Stored records:
********

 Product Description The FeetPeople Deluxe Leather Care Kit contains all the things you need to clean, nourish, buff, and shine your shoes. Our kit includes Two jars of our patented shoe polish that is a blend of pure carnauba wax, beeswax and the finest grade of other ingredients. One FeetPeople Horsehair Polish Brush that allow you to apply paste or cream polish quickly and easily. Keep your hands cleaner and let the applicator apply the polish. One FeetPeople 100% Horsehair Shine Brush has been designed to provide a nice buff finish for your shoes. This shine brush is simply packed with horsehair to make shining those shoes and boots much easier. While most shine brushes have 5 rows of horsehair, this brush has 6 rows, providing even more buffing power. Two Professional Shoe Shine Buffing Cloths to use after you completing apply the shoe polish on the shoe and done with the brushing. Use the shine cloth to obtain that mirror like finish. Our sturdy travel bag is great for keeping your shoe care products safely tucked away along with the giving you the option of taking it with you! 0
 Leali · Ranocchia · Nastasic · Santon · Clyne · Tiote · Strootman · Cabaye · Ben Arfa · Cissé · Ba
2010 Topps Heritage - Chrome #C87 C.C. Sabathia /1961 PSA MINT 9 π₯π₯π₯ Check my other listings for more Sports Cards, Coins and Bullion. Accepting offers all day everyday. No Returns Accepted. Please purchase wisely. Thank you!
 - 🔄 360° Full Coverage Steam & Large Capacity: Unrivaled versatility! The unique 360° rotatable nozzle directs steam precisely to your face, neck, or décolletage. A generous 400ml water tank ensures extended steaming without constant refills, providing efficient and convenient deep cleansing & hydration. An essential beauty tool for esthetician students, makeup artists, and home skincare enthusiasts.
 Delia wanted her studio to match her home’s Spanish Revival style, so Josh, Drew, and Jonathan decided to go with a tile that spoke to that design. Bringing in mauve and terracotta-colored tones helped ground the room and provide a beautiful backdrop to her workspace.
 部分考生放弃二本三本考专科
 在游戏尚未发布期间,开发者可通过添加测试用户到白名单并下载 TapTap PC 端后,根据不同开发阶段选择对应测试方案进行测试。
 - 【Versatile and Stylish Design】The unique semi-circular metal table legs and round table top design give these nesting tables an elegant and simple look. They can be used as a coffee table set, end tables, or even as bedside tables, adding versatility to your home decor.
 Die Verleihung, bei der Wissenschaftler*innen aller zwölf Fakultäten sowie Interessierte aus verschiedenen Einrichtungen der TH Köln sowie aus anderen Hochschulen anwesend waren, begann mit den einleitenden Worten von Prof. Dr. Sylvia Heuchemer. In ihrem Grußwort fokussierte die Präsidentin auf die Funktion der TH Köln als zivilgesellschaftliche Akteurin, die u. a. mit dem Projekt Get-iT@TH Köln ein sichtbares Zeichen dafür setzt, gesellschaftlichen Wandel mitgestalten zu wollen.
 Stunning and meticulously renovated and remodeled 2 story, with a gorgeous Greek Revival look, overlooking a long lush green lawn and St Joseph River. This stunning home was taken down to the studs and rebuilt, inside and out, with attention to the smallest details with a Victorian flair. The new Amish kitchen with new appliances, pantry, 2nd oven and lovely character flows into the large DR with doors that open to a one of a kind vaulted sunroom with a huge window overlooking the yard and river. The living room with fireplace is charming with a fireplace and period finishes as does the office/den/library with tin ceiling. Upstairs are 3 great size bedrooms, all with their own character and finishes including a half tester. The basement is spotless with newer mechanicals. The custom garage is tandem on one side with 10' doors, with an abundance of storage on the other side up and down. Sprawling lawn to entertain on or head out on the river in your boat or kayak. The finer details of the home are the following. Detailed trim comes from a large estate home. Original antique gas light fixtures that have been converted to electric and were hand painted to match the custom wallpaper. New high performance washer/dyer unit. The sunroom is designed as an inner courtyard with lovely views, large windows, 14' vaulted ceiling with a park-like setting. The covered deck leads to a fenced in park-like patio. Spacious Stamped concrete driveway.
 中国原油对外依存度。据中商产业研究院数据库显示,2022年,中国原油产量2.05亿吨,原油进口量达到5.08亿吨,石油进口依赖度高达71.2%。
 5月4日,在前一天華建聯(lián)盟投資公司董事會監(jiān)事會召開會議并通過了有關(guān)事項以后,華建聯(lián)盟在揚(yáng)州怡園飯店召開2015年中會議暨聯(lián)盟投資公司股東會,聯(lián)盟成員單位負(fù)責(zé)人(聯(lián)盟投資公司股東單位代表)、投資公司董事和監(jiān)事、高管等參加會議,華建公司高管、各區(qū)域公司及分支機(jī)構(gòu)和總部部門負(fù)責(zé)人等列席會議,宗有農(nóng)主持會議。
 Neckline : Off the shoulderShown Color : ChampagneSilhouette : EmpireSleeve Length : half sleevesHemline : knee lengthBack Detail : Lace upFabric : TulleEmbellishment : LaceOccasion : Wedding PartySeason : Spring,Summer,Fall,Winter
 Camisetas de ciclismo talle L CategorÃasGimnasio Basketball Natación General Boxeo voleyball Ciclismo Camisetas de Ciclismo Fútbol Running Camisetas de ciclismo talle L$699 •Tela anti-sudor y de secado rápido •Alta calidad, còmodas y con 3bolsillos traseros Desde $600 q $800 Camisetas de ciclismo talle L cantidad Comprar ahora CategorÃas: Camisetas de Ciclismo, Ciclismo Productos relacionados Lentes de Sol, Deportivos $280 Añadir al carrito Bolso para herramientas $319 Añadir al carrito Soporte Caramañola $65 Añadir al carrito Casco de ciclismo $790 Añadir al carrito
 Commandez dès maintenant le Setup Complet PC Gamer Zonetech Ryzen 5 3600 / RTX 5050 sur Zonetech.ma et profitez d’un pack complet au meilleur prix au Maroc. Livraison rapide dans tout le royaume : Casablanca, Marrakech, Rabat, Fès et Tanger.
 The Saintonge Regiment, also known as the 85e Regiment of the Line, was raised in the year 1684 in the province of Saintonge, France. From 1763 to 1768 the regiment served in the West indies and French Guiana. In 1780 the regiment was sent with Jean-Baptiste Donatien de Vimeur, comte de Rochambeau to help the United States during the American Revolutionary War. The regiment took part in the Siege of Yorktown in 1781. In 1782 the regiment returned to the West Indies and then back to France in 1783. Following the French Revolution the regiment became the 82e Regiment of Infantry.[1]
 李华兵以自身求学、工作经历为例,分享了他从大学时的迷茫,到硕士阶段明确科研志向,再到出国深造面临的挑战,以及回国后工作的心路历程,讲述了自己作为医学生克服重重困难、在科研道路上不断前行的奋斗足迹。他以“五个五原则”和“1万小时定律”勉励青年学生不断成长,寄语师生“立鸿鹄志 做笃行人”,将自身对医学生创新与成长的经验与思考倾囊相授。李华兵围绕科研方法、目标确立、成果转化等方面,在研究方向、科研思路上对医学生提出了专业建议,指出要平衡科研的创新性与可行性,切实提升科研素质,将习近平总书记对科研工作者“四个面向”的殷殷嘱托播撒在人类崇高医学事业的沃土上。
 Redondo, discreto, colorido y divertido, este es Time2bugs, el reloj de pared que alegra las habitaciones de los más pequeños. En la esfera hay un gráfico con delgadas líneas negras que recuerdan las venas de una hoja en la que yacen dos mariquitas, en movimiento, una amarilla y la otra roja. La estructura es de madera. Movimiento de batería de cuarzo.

********

Work required: In your answer, include only the lines above starting at the line that holds "Stunning and meticulously" and ending at the line that holds "Neckline : Off", copied exactly.

Reply to the task:
 Stunning and meticulously renovated and remodeled 2 story, with a gorgeous Greek Revival look, overlooking a long lush green lawn and St Joseph River. This stunning home was taken down to the studs and rebuilt, inside and out, with attention to the smallest details with a Victorian flair. The new Amish kitchen with new appliances, pantry, 2nd oven and lovely character flows into the large DR with doors that open to a one of a kind vaulted sunroom with a huge window overlooking the yard and river. The living room with fireplace is charming with a fireplace and period finishes as does the office/den/library with tin ceiling. Upstairs are 3 great size bedrooms, all with their own character and finishes including a half tester. The basement is spotless with newer mechanicals. The custom garage is tandem on one side with 10' doors, with an abundance of storage on the other side up and down. Sprawling lawn to entertain on or head out on the river in your boat or kayak. The finer details of the home are the following. Detailed trim comes from a large estate home. Original antique gas light fixtures that have been converted to electric and were hand painted to match the custom wallpaper. New high performance washer/dyer unit. The sunroom is designed as an inner courtyard with lovely views, large windows, 14' vaulted ceiling with a park-like setting. The covered deck leads to a fenced in park-like patio. Spacious Stamped concrete driveway.
 中国原油对外依存度。据中商产业研究院数据库显示,2022年,中国原油产量2.05亿吨,原油进口量达到5.08亿吨,石油进口依赖度高达71.2%。
 5月4日,在前一天華建聯(lián)盟投資公司董事會監(jiān)事會召開會議并通過了有關(guān)事項以后,華建聯(lián)盟在揚(yáng)州怡園飯店召開2015年中會議暨聯(lián)盟投資公司股東會,聯(lián)盟成員單位負(fù)責(zé)人(聯(lián)盟投資公司股東單位代表)、投資公司董事和監(jiān)事、高管等參加會議,華建公司高管、各區(qū)域公司及分支機(jī)構(gòu)和總部部門負(fù)責(zé)人等列席會議,宗有農(nóng)主持會議。
 Neckline : Off the shoulderShown Color : ChampagneSilhouette : EmpireSleeve Length : half sleevesHemline : knee lengthBack Detail : Lace upFabric : TulleEmbellishment : LaceOccasion : Wedding PartySeason : Spring,Summer,Fall,Winter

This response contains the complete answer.